▶ **PROBLEM**: Write every entry out again with no changes, and leave the images behind.
[Start of section]
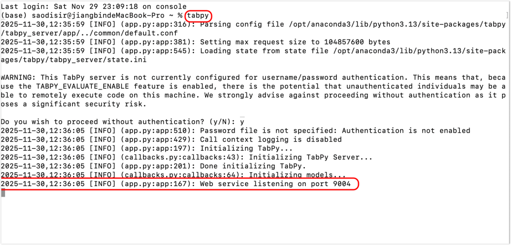 5. 终端再次启动 TabPy 时指定配置文件:tabpy –config ~/.tabpy/tabpy.conf
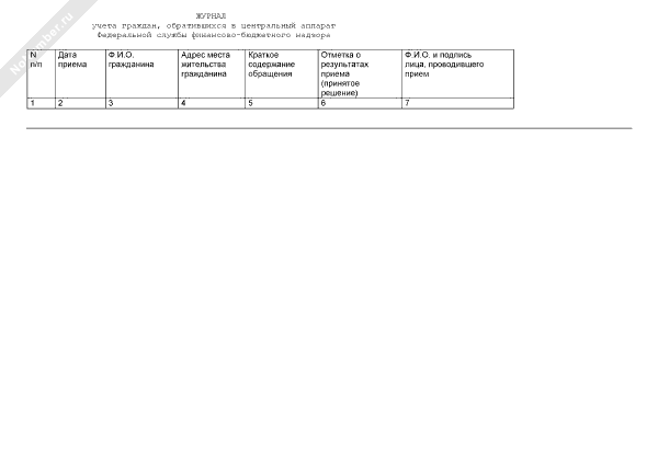 - 1057Журнал учета граждан, обратившихся в центральный аппарат Федеральной службы финансово-бюджетного надзора
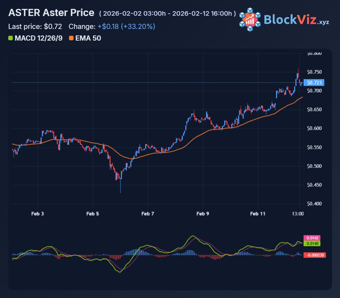 $ASTER trades at $0.72 today, up 9-10% in 24 hours amid a broader altcoin bounce. This marks its strongest daily gain since early February, lifting market cap to $1.77 billion as traders position ahead of the Aster Chain mainnet rollout next month.
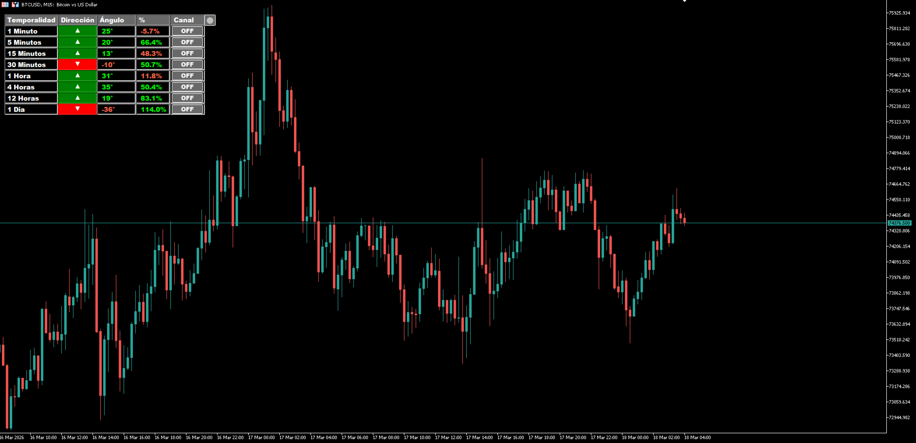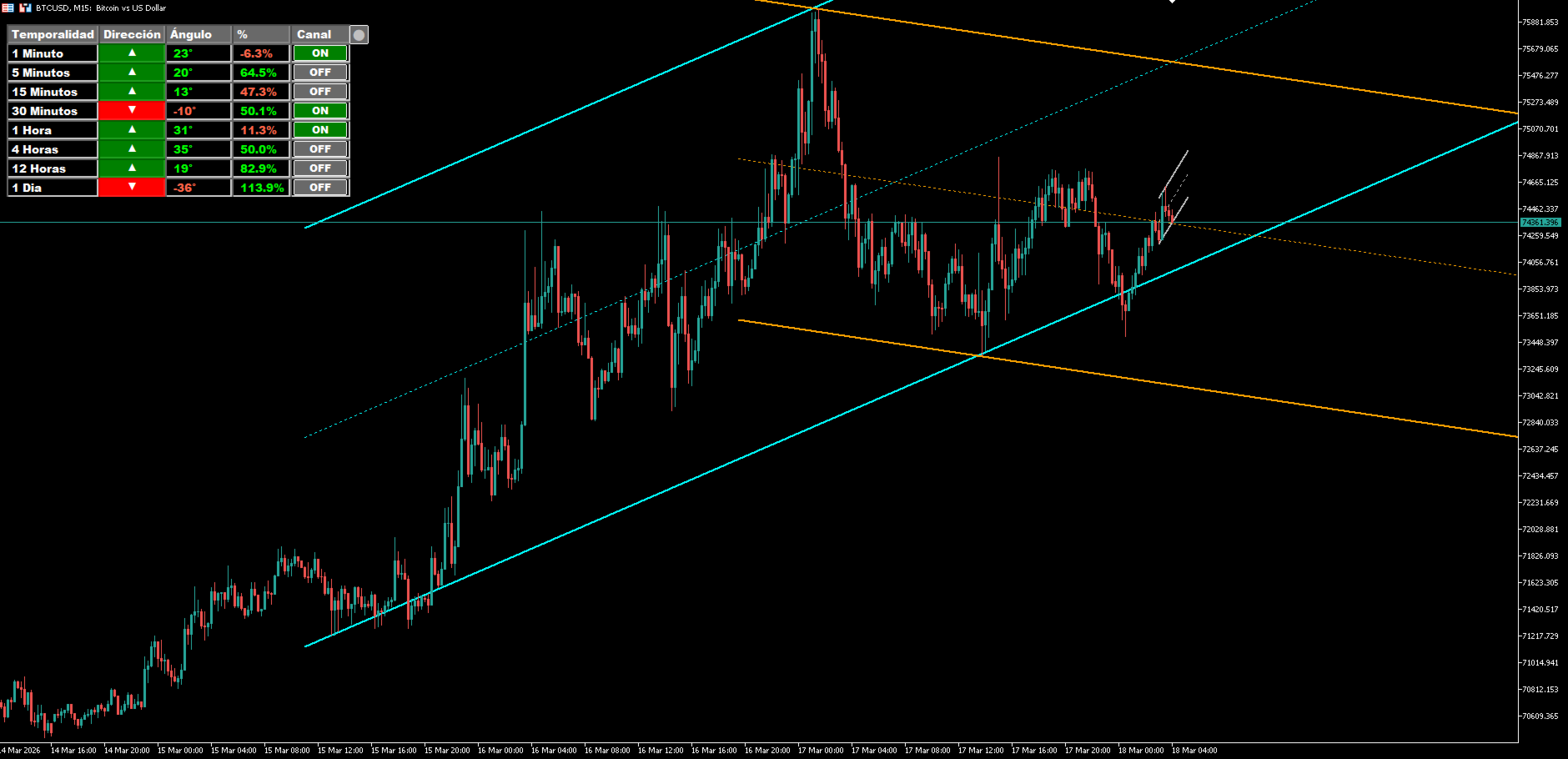 Anstatt den Händler zu zwingen, mehrere Kanäle gleichzeitig zu betrachten, organisiert dieser Indikator die wichtigsten Informationen in einem übersichtlichen und leicht zu lesenden Panel. Jeder Zeitrahmen ist auf drei wesentliche Elemente reduziert: Richtung, Winkel und Preisposition innerhalb des projizierten Kanals. Darüber hinaus enthält jede Zeile ein ON/OFF-Bedienelement, mit dem der Benutzer den Kanal für den jeweiligen Zeitrahmen direkt aus dem Panel heraus einzeichnen oder entfernen kann.
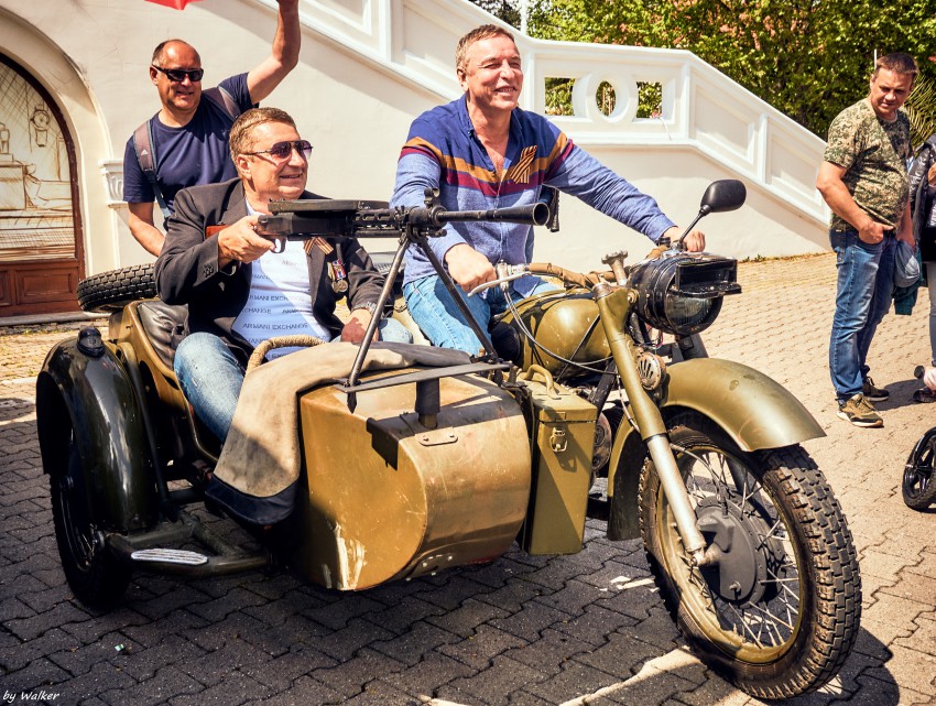 Мотоцикл был доступен для фото всем желающим, а задача “чуваков” была удачно передать эмоцию праздника. И вроде неплохо получилось. Но не это главное, мне больше был важен сам мотоцикл. Когда-то у меня был с коляской, и воспоминания самые теплые. Пройти мимо этого чуда я не мог… А с красноармейцами он есть на первом фото
[End of section]
▶ **SOLUTION BELOW**:
 5. 终端再次启动 TabPy 时指定配置文件:tabpy –config ~/.tabpy/tabpy.conf
 - 1057Журнал учета граждан, обратившихся в центральный аппарат Федеральной службы финансово-бюджетного надзора
 $ASTER trades at $0.72 today, up 9-10% in 24 hours amid a broader altcoin bounce. This marks its strongest daily gain since early February, lifting market cap to $1.77 billion as traders position ahead of the Aster Chain mainnet rollout next month.
 Anstatt den Händler zu zwingen, mehrere Kanäle gleichzeitig zu betrachten, organisiert dieser Indikator die wichtigsten Informationen in einem übersichtlichen und leicht zu lesenden Panel. Jeder Zeitrahmen ist auf drei wesentliche Elemente reduziert: Richtung, Winkel und Preisposition innerhalb des projizierten Kanals. Darüber hinaus enthält jede Zeile ein ON/OFF-Bedienelement, mit dem der Benutzer den Kanal für den jeweiligen Zeitrahmen direkt aus dem Panel heraus einzeichnen oder entfernen kann.
 Мотоцикл был доступен для фото всем желающим, а задача “чуваков” была удачно передать эмоцию праздника. И вроде неплохо получилось. Но не это главное, мне больше был важен сам мотоцикл. Когда-то у меня был с коляской, и воспоминания самые теплые. Пройти мимо этого чуда я не мог… А с красноармейцами он есть на первом фото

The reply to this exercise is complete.